La mesure reflète les limitations du système, malgré l'expansion de l'infrastructure photovoltaïque. Ciego de Ávila dispose de neuf parcs solaires avec une capacité installée allant jusqu'à 108 mégawatts (MW), mais ce chiffre reste insuffisant face à une demande quotidienne d'environ 130 MW, a expliqué le directeur technique de l'Entreprise Électrique, Carlos Luis Fernández Arencibia, dans des déclarations recueillies ce dimanche par le journal officiel Invasor.
De plus, la capacité installée ne garantit pas non plus la production prévue. Au cours de la journée de samedi, les parcs n'ont fourni que 54,5 MW en raison de la nébulosité, tandis que les installations de plus grande capacité n'ont à peine atteint que 16 MW de production.
Quatre des neuf parcs ont une puissance de 21,8 MW et sont situés à Grego (commune principale), Carolina (commune du Venezuela), le pôle agroalimentaire La Cuba et Nereida, à Morón.
Selon le fonctionnaire, toutes les installations fonctionnent à plein régime, bien qu'en avril dernier, le responsable ait lui-même admis qu'elles opéraient avec des limitations pour éviter un effondrement du Système Électrique National (SEN), et que le parc Cruce de la Trocha à Grego ne fournissait que 10 MW.
Bien que la nouvelle stratégie vise à atténuer partiellement la situation pendant les heures de forte production solaire, le tableau change à la tombée de la nuit. Pendant la nuit, la province restera sous ce que l'on appelle le "maximum éteignable", une condition qu'elle endure depuis plus d'un mois.

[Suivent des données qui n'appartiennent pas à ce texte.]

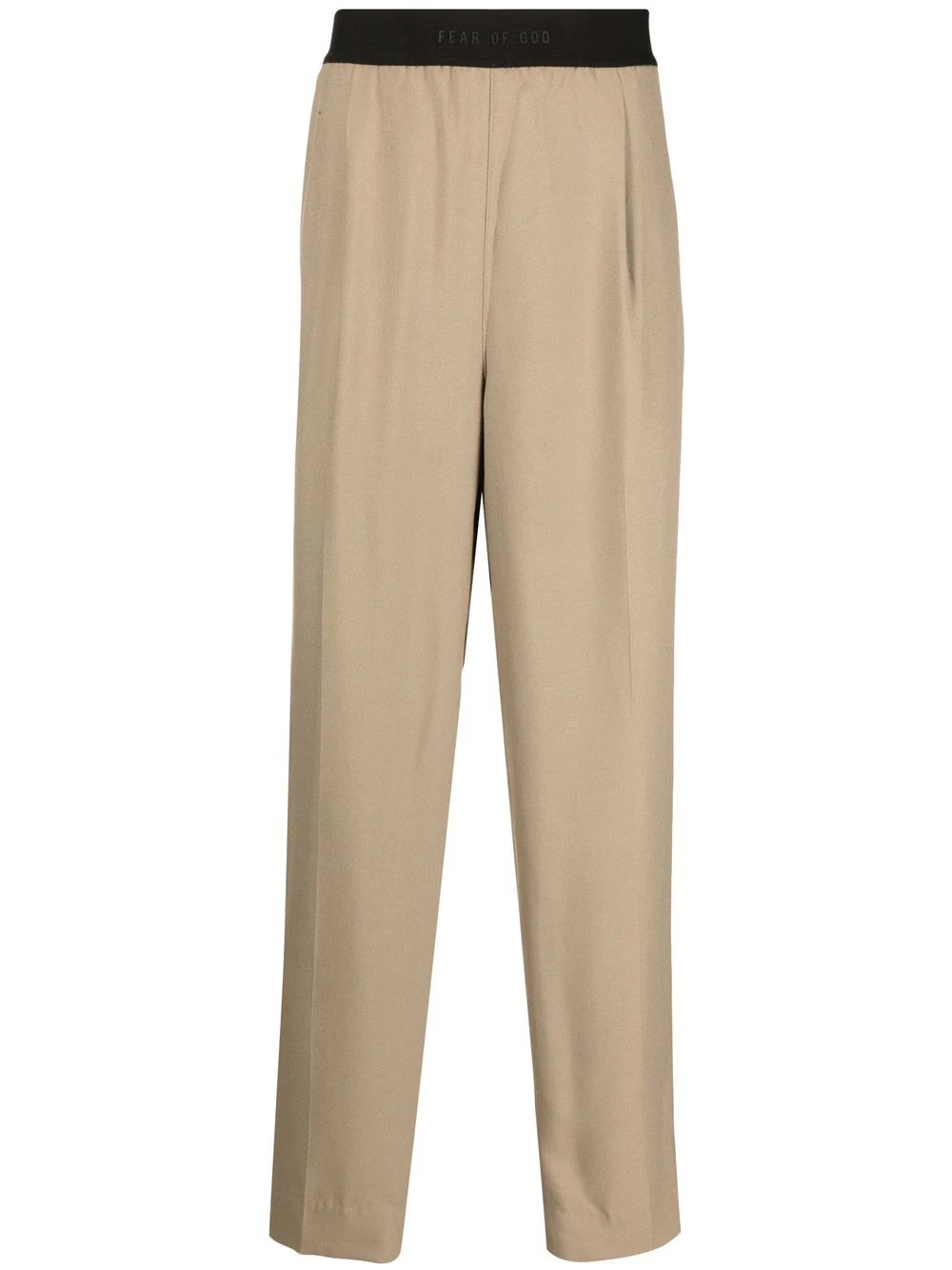 Everyday straight leg trousers beige/black high waist elasticated waistband two side slit pockets two rear welt pockets straight leg Made in United States Composition Outer: Viscose 100% Lining: Polyester 65%, Polyurethane 35% SIZE & FIT Model measurements Height 6 ft 2 in(1.89 m) Bust/Chest 37.79 in(96 cm) Hips 37 in(94 cm) Waist 29.92 in(76 cm) Measurement FRONT RISE 12.2 in(31 cm) INSIDE LEG 30.31 in(77 cm) WAIST 29.13 in(74 cm) FittingInformation This piece fits true to size. We recommend you get your regular size Designed for a slim fit at the waist and loose over the leg Made with a mid-weight non-stretch fabric Washing instructions Dry Clean Only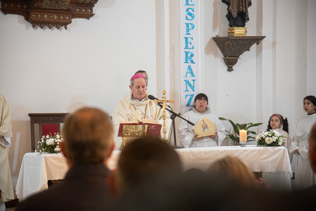 La celebración se realizó en el marco de una parroquia renovada -la más antigua del distrito, construida en 1872-, donde ya se completaron gran parte de las obras de restauración que alcanzan un 85 por ciento de avance, las cuales incluyeron la reparación del campanario, revoques, cielorrasos y paredes.

En conséquence, les habitants de Ciego de Ávila continuent de subir des coupures de courant qui dépassent 20 heures par jour, tandis que l'approvisionnement ne dure à peine qu'une heure et demie par jour, une réalité qui montre que le déploiement de parcs solaires, à lui seul, n'a pas réussi à inverser la dégradation du système électrique ni à atténuer de manière significative la crise qui touche la population.
La contradiction entre l'infrastructure solaire installée et les coupures de courant prolongées n'est pas exclusive à Ciego de Ávila. Granma a quatre parcs solaires et a enregistré des circuits avec presque 49 heures consécutives sans électricité.
Pour sa part, Holguín dispose de moins de 30 % de l'électricité qu'il lui faut alors que Sancti Spíritus accumule des coupures allant jusqu'à 50 heures continues et environ 60 transformateurs endommagés depuis le début de l'année 2026.
Le problème structurel est que l'énergie solaire ne couvre que la demande diurne et que les onduleurs des parcs ont besoin d'un signal stable du réseau pour démarrer.
Lorsque le SEN s'effondre ou que sa fréquence tombe en dessous des seuils minimaux, les parcs photovoltaïques se déconnectent automatiquement. De plus, Cuba ne dispose pas de systèmes de stockage par batteries opérationnels à une échelle permettant de conserver l'excès d'énergie solaire pour les heures nocturnes.
Ciego de Ávila a déjà connu un cacerolazo en mars, lorsque le quartier de Vista Alegre a protesté après 29 heures sans électricité ni eau. La nouvelle mesure concernant les parcs solaires arrive des mois plus tard, sans que la situation se soit réellement améliorée.